--- EXERCISE DESCRIPTION ---
Starting at the line with "레오파드 컬러 매칭 라운드" and ending at the line with "Για να επανέλθουμε", print exactly the lines of the entries below. Pictures do not belong in the copy.

Stored items

Content starts

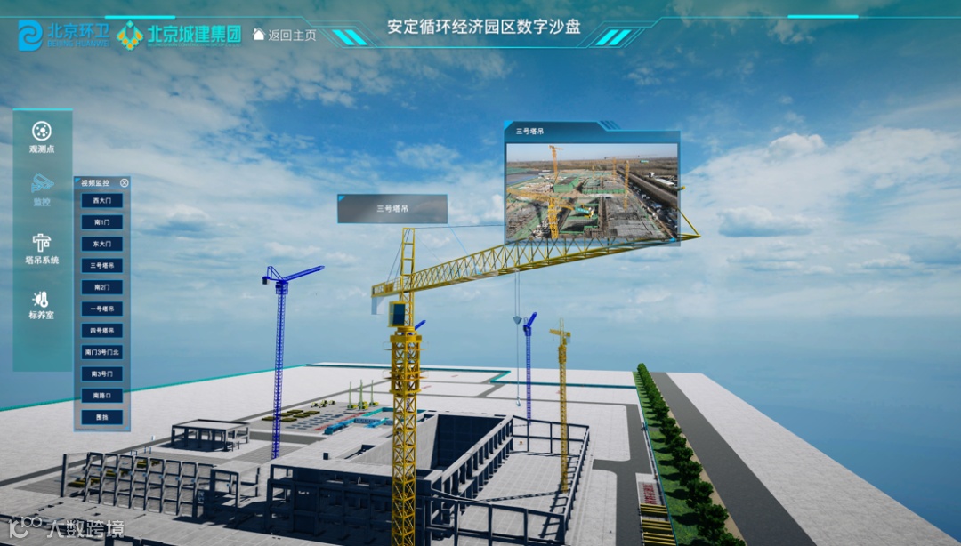 集团和公司端场景均可总览全集团或全公司的所有项目的基本情况,对关键数据进行统计分析,比如人员数量、大型设备数量、中标或在施项目数量及中标总合同额等,同时亦能随时调取项目现场实时监控,如图5和图6。项目端场景可总览整个工程项目的基本情况,可监测工程进度、施工现场人数、PM2.5值、施工噪音等,如图7(a),也可监测施工现场主要出入口、材料区、塔吊系统等关键位置,如图7(b)。手机端场景能够随时随地查看工程项目信息,包括视频监控、人员统计、环境监控、进度计划、隐患排查、设备物资等情况,如图8。
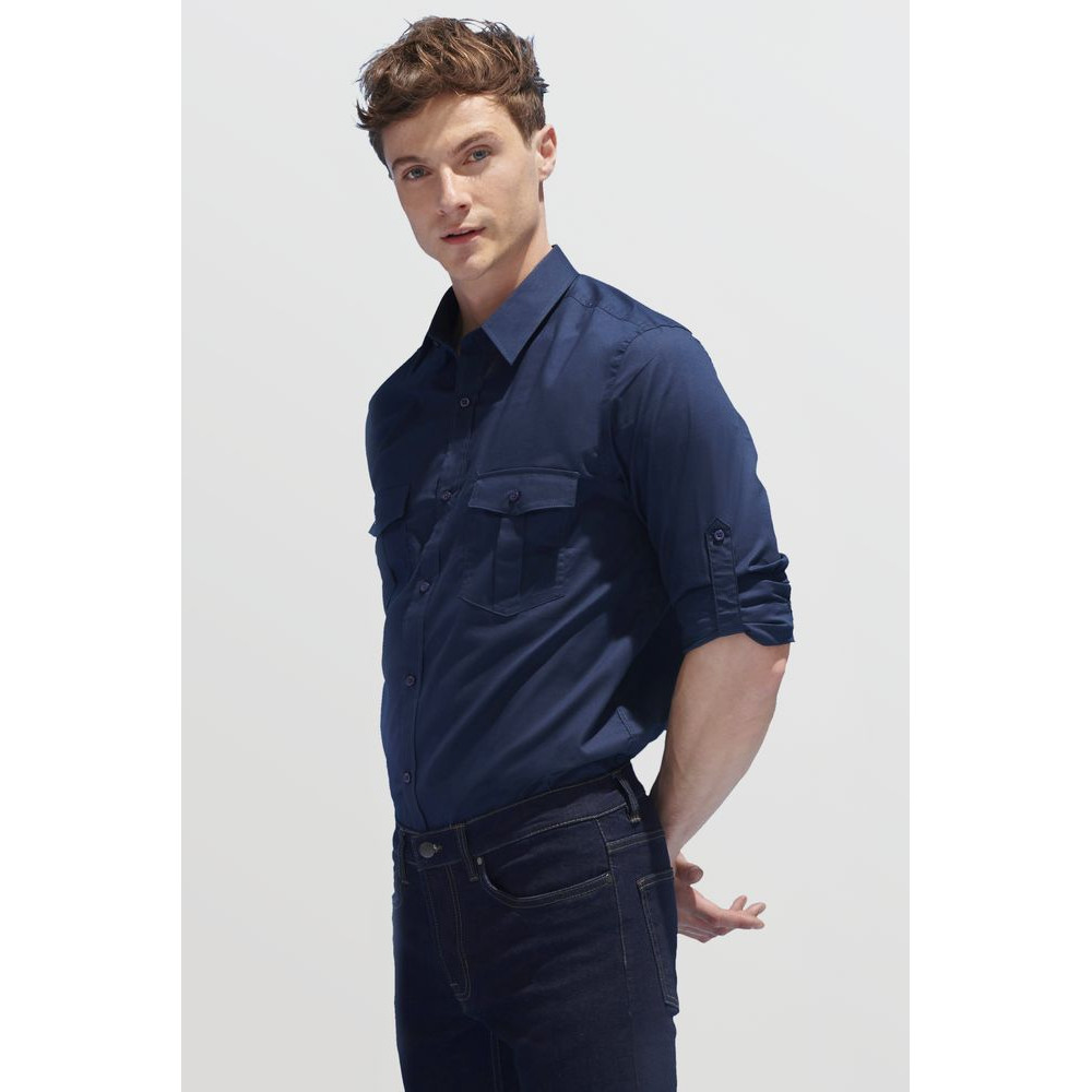 Рубашка прямого кроя в стиле «сафари» с планкой на 7 пуговиц в тон и манжетами на 1 пуговице.
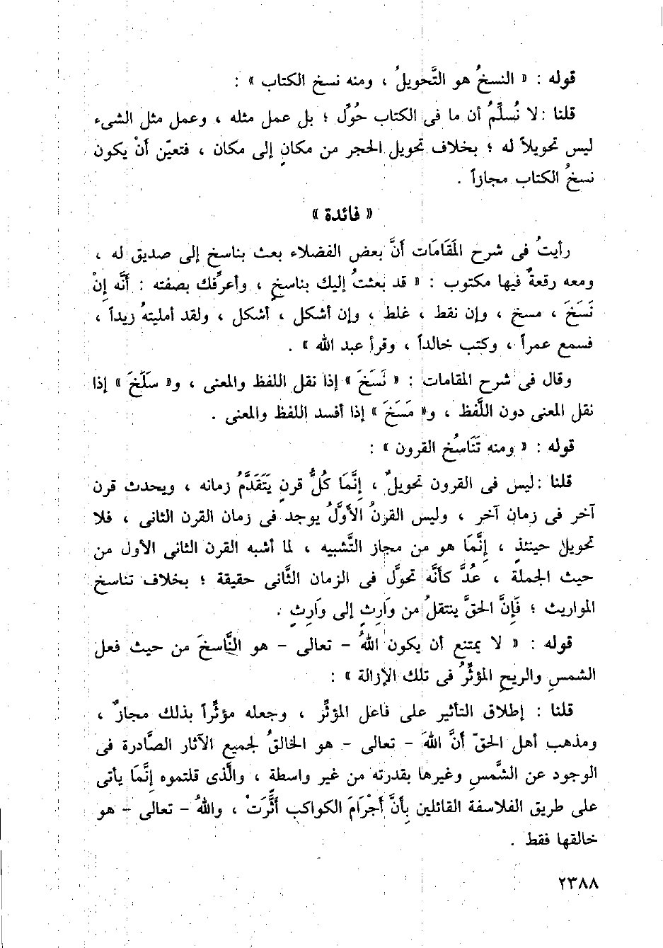 وقال في شرح المقامات: " نسخ " إذا نقل اللفظ والمعنى، و " سلخ " إذا نقل المعنى دون اللفظ، و" مسخ " إذا افسد اللفظ والمعنى. قوله: " ومنه تناسخ القرون ".
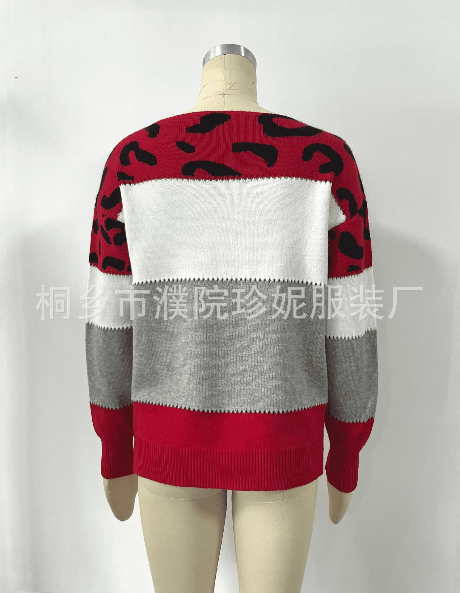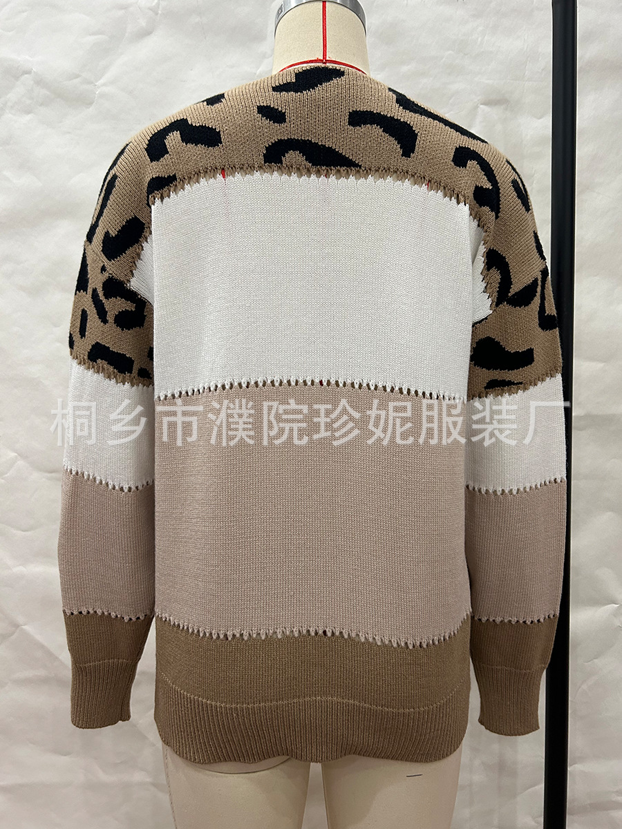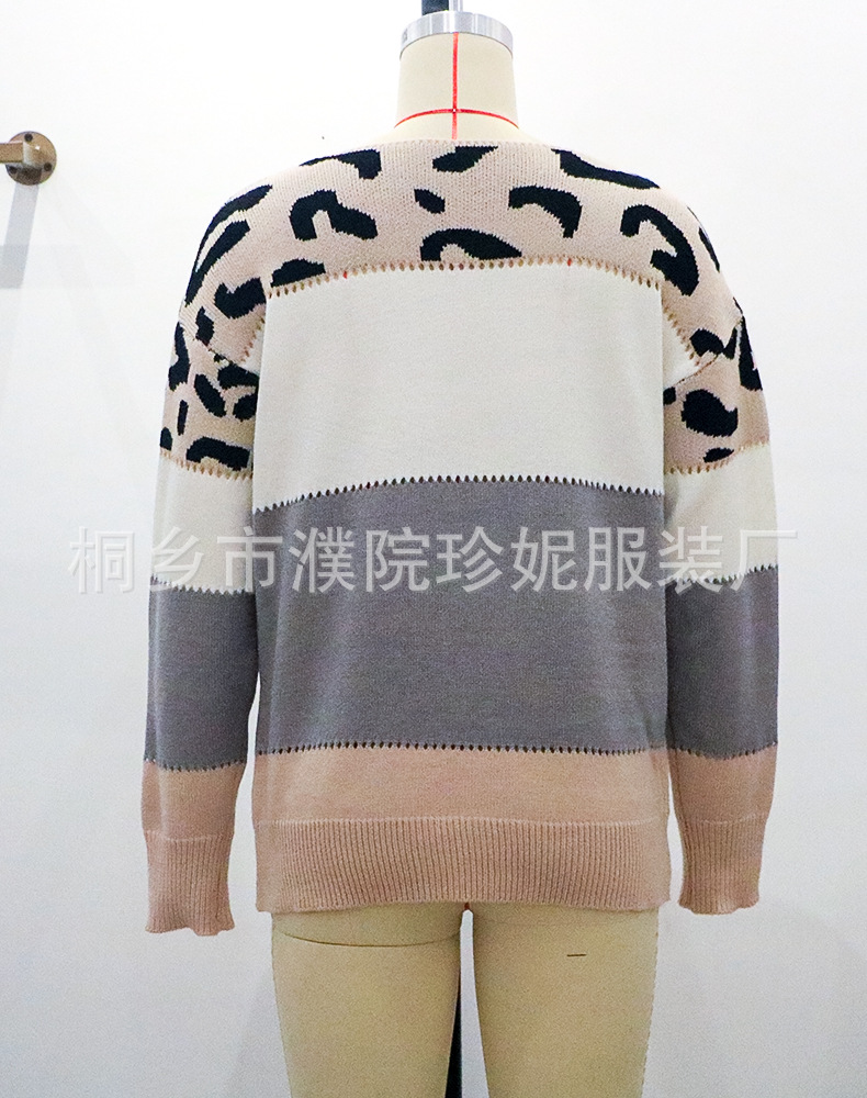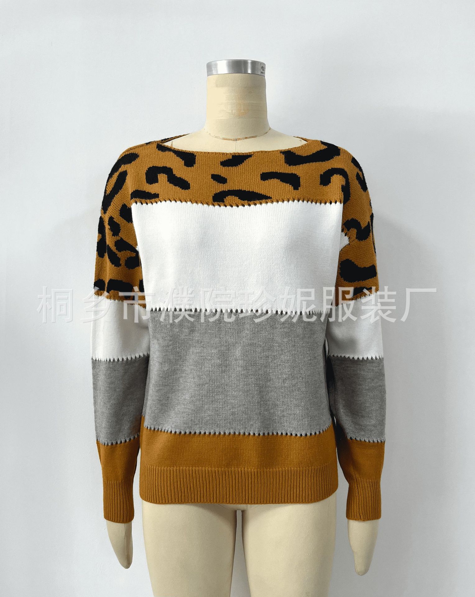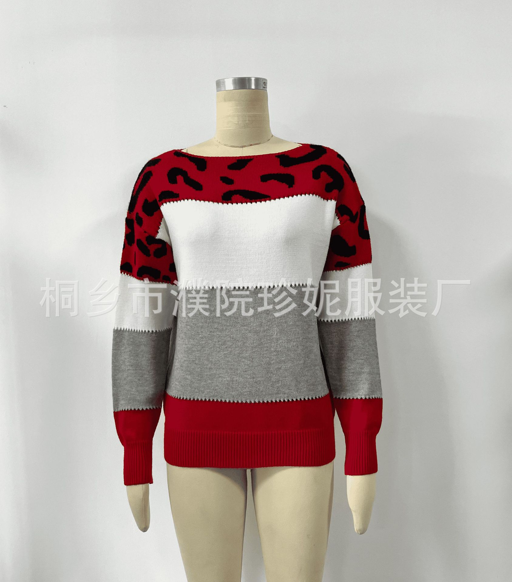 레오파드 컬러 매칭 라운드 넥 캐주얼 스웨터 가을과 겨울 새로운 크로스 보더 여성용 스웨터 여성용 긴팔 베이스 셔츠
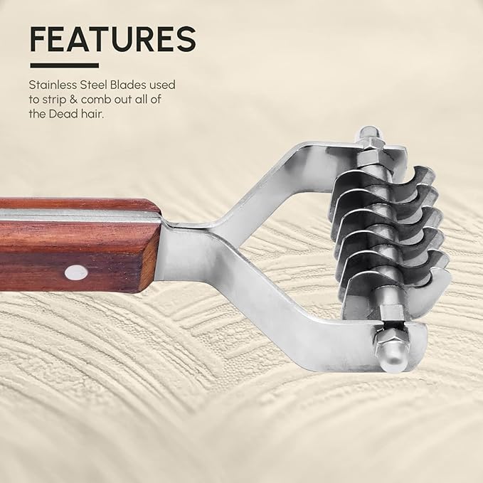 Flamia & Jabz Undercoat Rake for Dogs & Cats, Dematting Grooming Stripper Tool (6 Blades)
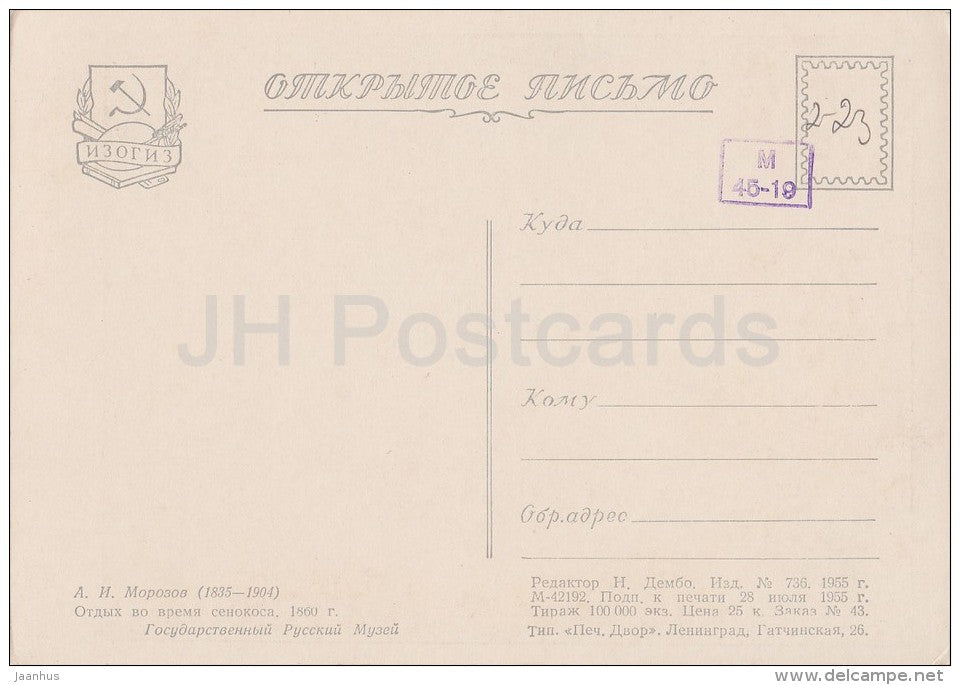painting by A. Morozov - Rest during hay harvest , 1860 - Russian art - 1955 - Russia USSR - unused
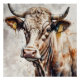 A Cow with detailed watercolor with expressive eyes is portrayed against a soft, blurred background. The natural colours enhance the lifelike appearance.
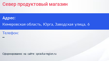 Север, продуктовый магазин по адресу Кемеровская область, Юрга, Заводская улица, 6 в дальнейшем Организация, размещена в следующих категориях:
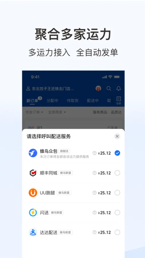 【多品牌运力】支持多品牌运力绑定,包括蜂鸟美团UU顺丰达达,
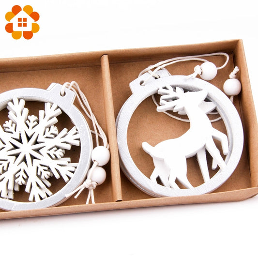 Wooden Christmas Pendants Decorations DIY Silver White Deer Snowflake
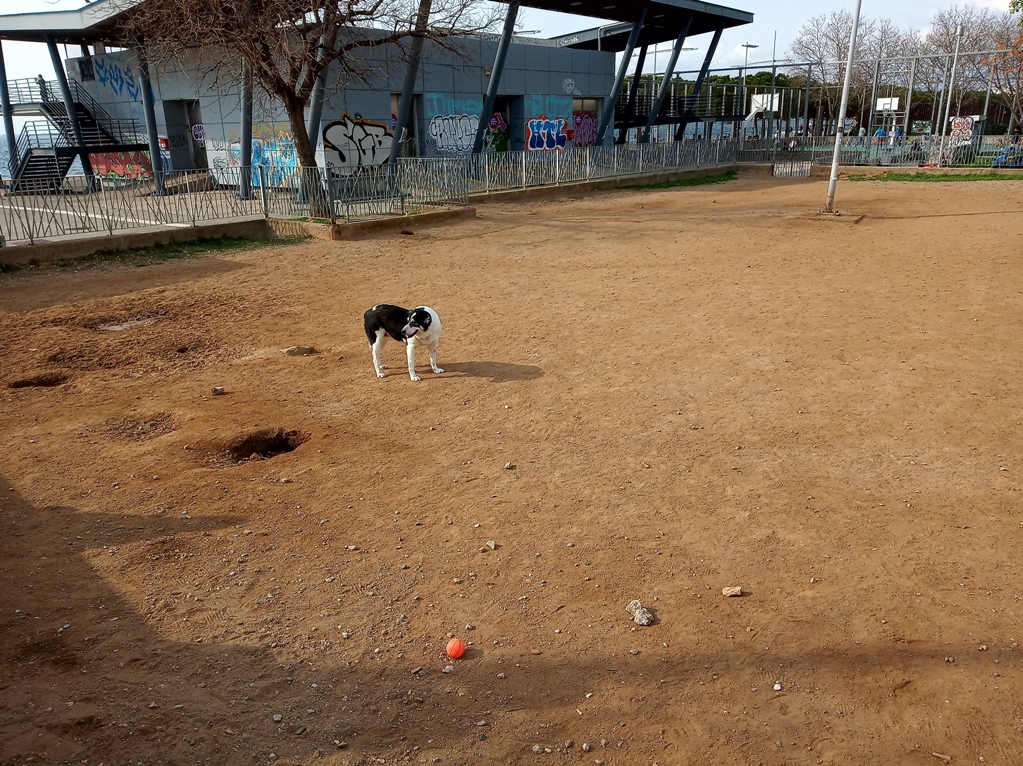 Για να επανέλθουμε στο περίφημο πάρκο των σκύλων στη Νέα Παραλία, που βρίσκεται στο ύψος της οδού Πέτρου Συνδίκα, ακριβώς πίσω από το κτίριο των εγκαταστάσεων του μεγάλου αντλιοστασίου της ΕΥΑΘ, πέρα από την άνυδρη και ξερή βρύση, ο χώρος μικρός και περιορισμένος, θυμίζει κρανίου τόπο.
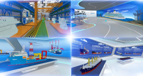 云展廳運(yùn)用360度全景3D建模、沉浸式場(chǎng)景以及實(shí)時(shí)渲染等領(lǐng)先創(chuàng)新技術(shù),打造了高端3A(“Anybody、Anytime、Anywhere”)展示平臺(tái),特別是以實(shí)景還原的場(chǎng)景,動(dòng)態(tài)展示大型郵輪、液化天然氣(LNG)船、雪龍2號(hào)、奮斗者號(hào)等亮點(diǎn)產(chǎn)品,為參觀者營(yíng)造了身臨其境的逼真效果。
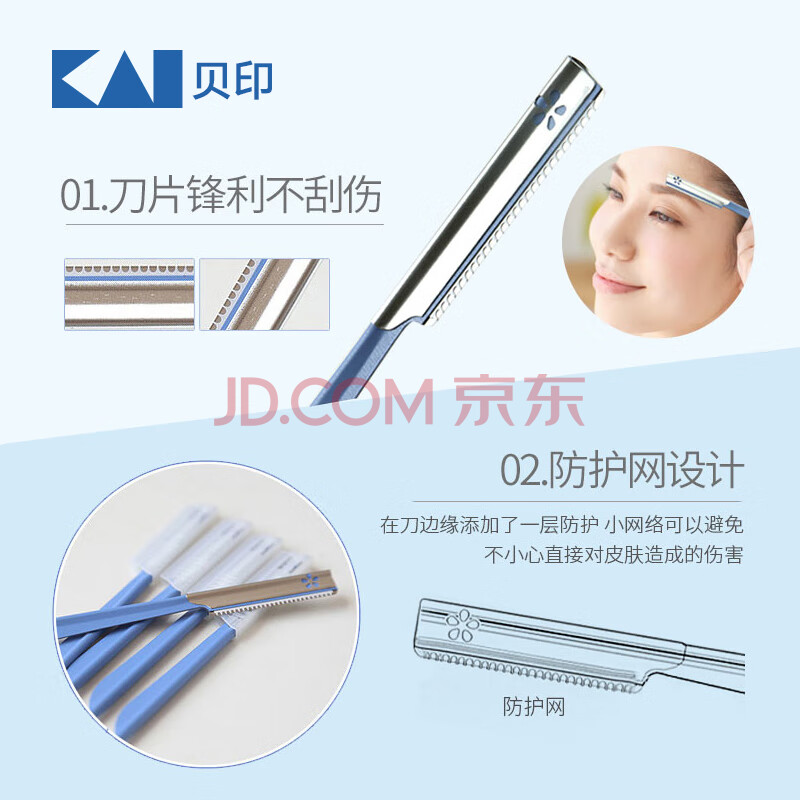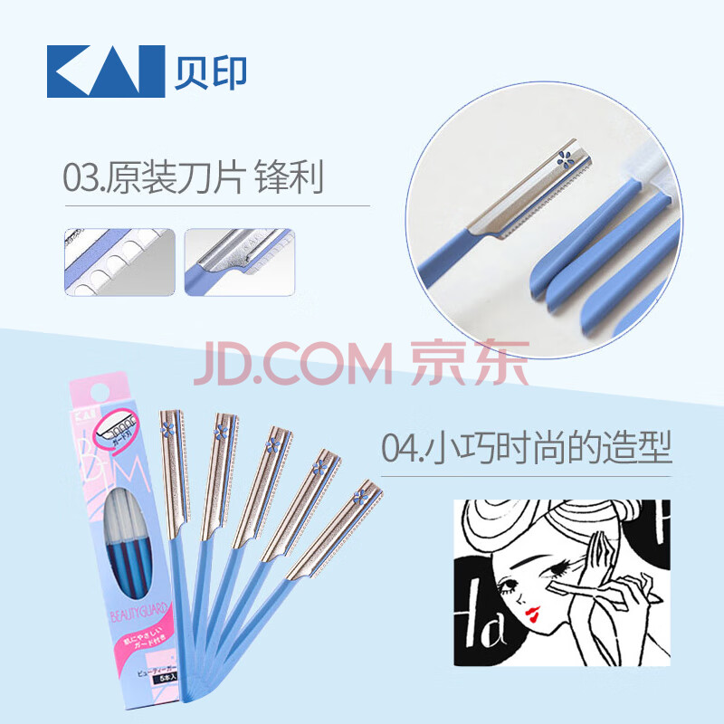 商品相册:貝印(KAI)日本进口 刮修眉刀女士男士(5把)不易伤肤 新手可用刀片第
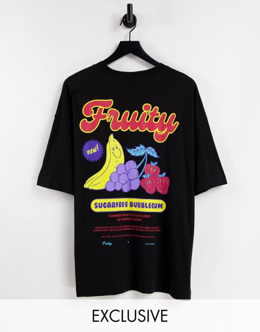 COLLUSION – Unisex – Oversize-T-Shirt in Schwarz mit „Fruity“-Print
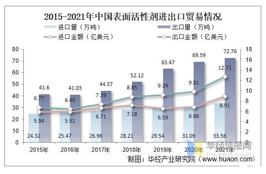 從進出口貿易情況來看,近年來我國表面活性劑進口量及出口均呈現上漲趨勢,進口方面主要以非離子表面活性劑為主,出口方面主要以陰離子表面活性劑為主。具體來看,2021年我國表面活性劑進口量為33.56萬噸,進口金額為8.91億美元;出口量為72.76萬噸,出口金額為12.71億美元。

Content ends

--- RESULT OF THIS EXERCISE ---
 레오파드 컬러 매칭 라운드 넥 캐주얼 스웨터 가을과 겨울 새로운 크로스 보더 여성용 스웨터 여성용 긴팔 베이스 셔츠
 Flamia & Jabz Undercoat Rake for Dogs & Cats, Dematting Grooming Stripper Tool (6 Blades)
painting by A. Morozov - Rest during hay harvest , 1860 - Russian art - 1955 - Russia USSR - unused
 A Cow with detailed watercolor with expressive eyes is portrayed against a soft, blurred background. The natural colours enhance the lifelike appearance.
 Север, продуктовый магазин по адресу Кемеровская область, Юрга, Заводская улица, 6 в дальнейшем Организация, размещена в следующих категориях:
 【多品牌运力】支持多品牌运力绑定,包括蜂鸟美团UU顺丰达达,
 Wooden Christmas Pendants Decorations DIY Silver White Deer Snowflake
 Για να επανέλθουμε στο περίφημο πάρκο των σκύλων στη Νέα Παραλία, που βρίσκεται στο ύψος της οδού Πέτρου Συνδίκα, ακριβώς πίσω από το κτίριο των εγκαταστάσεων του μεγάλου αντλιοστασίου της ΕΥΑΘ, πέρα από την άνυδρη και ξερή βρύση, ο χώρος μικρός και περιορισμένος, θυμίζει κρανίου τόπο.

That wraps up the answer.